**** DATA PROVIDED ****
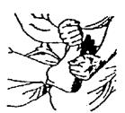 | Техника выполнения приема (рис.60). Произведите массажно-давящее воздействие путем перекатывания голени по поверхности Ваших бедер. Цикл воздействия состоит из движения "от себя" с давлением и "к себе" - без давления. На протяжении верхней и средней третей голени проведите четыре цикла, которые объединяются в один комплекс. Каждый последующий цикл проводится на более дистальном участке голени, для чего руки и левое бедро перемещайте в дистальном направлении. Проведите пять комплексов воздействия. |
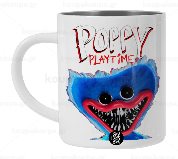Poppy Playtime Huggy wuggy, Λευκή Ανοξείδωτη Μεταλλική Κούπα 450ml - Διπλού Τοιχώματος
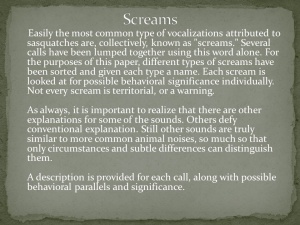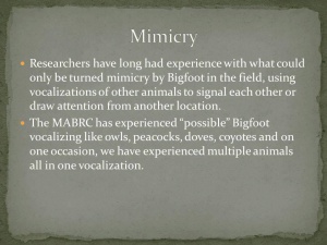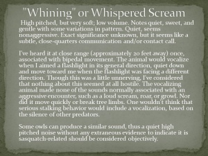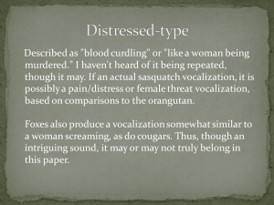 Vocalizations are any number of sounds believed to be produced by the bigfoot, such as howls, moans, growls, yells, whistles, and screams. Some sounds are believed to be warning signals, while others are thought to have various other meanings. It is thought by some that the bigfoot is able to mimic other animals, but given the lack of proof or even observation, this is pure speculation, as are many things bigfoot related.
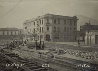 Álbum que muestra trabajos relativos a la instalación de rieles en el centro de Santiago.
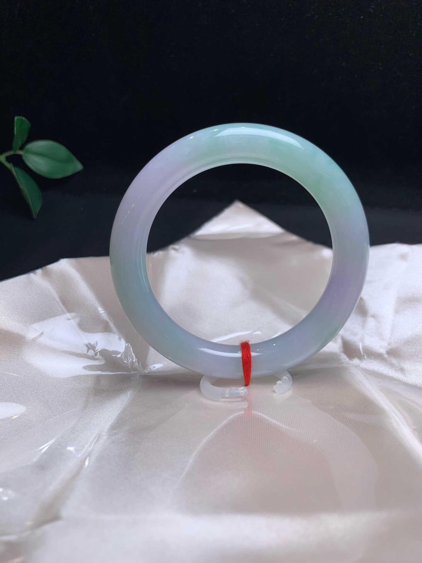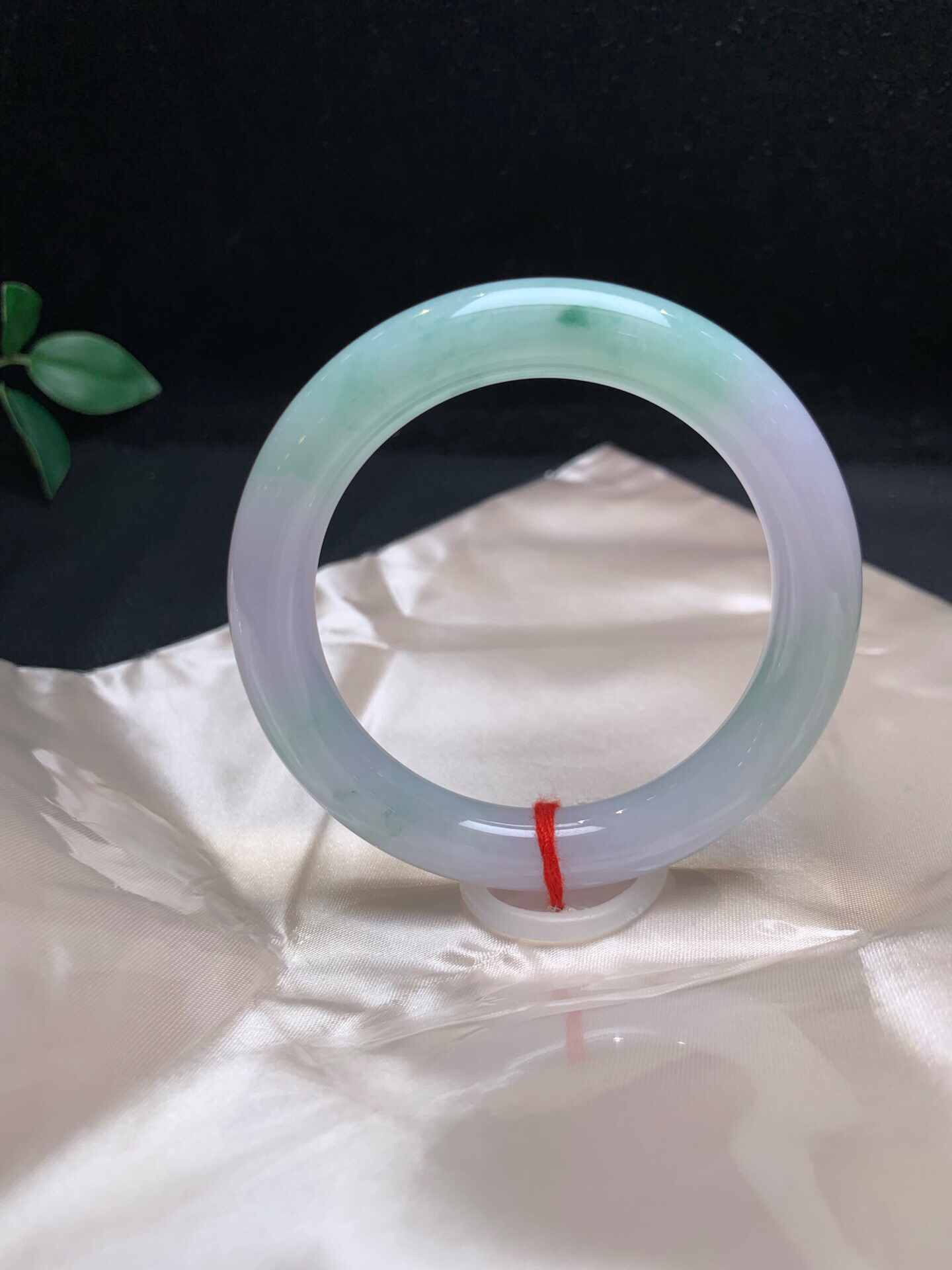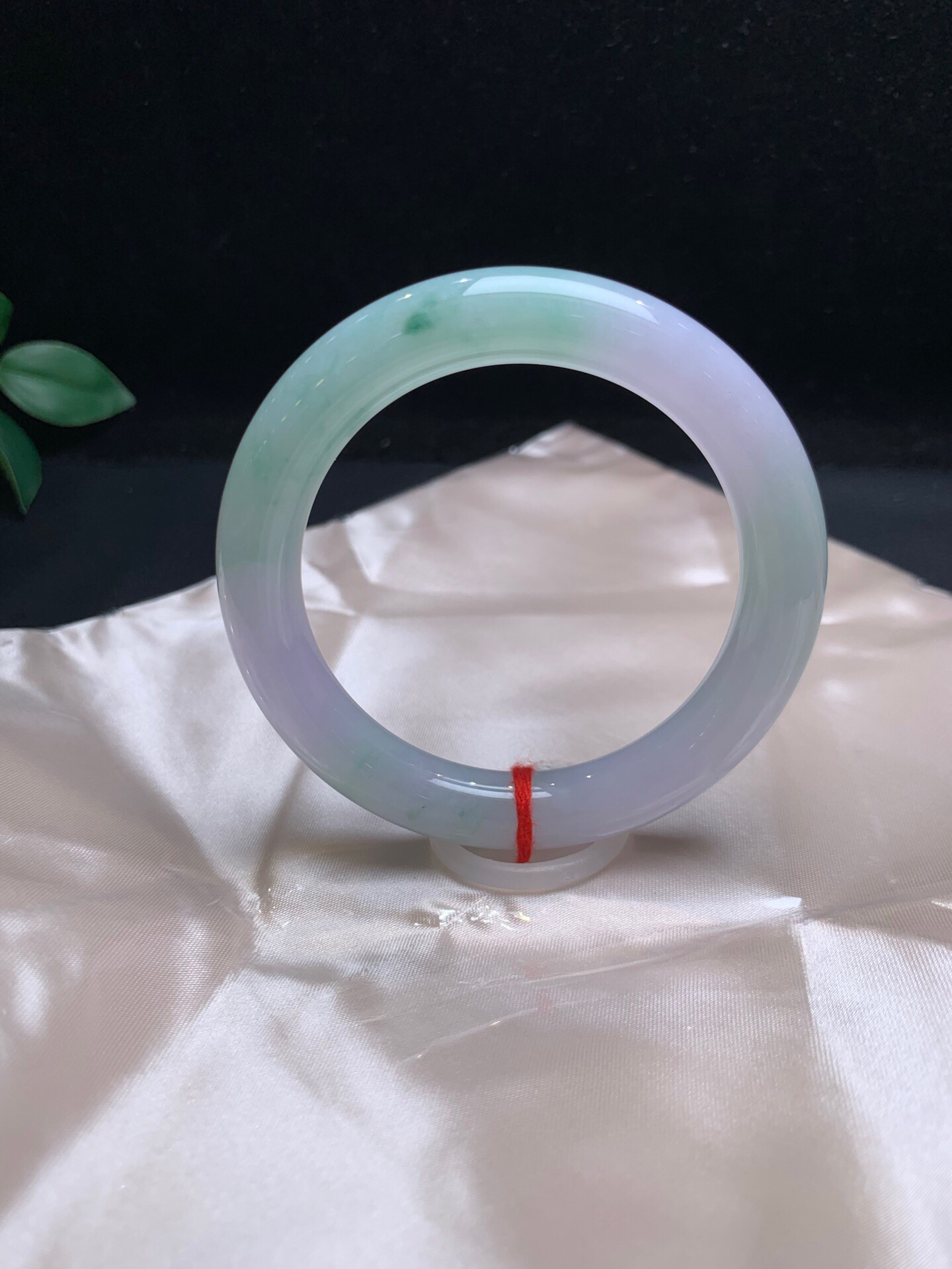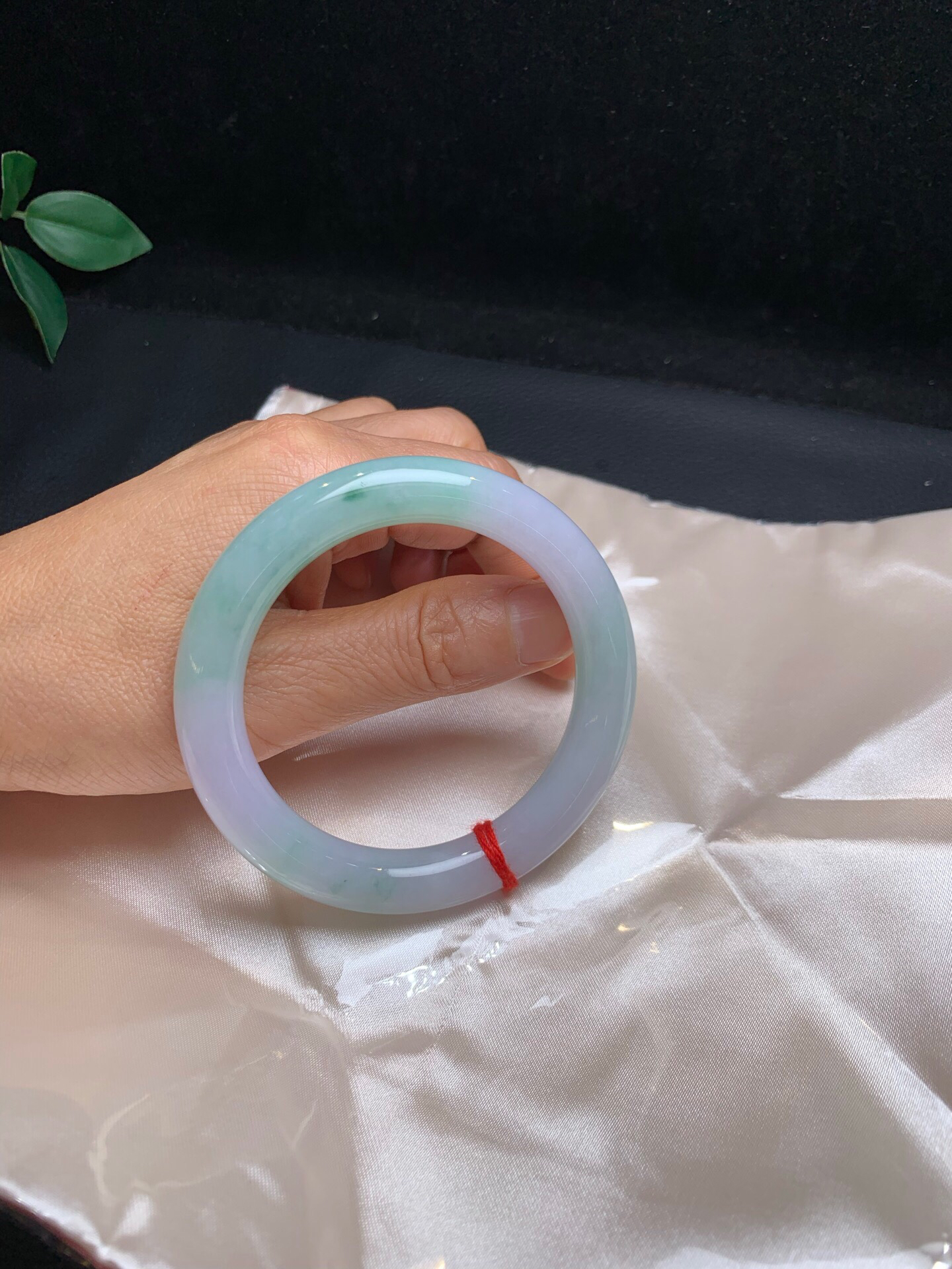 620726,56.3飘绿圆条手镯。12.5mm,条形好,整条带浅绿底,干净清爽,完美的
****
## TASK OBJECTIVE
Could you repeat exactly the lines from the one containing "Álbum que muestra" through the last line of the records, both included, without the pictures?

## YOUR SOLUTION
 Álbum que muestra trabajos relativos a la instalación de rieles en el centro de Santiago.
 620726,56.3飘绿圆条手镯。12.5mm,条形好,整条带浅绿底,干净清爽,完美的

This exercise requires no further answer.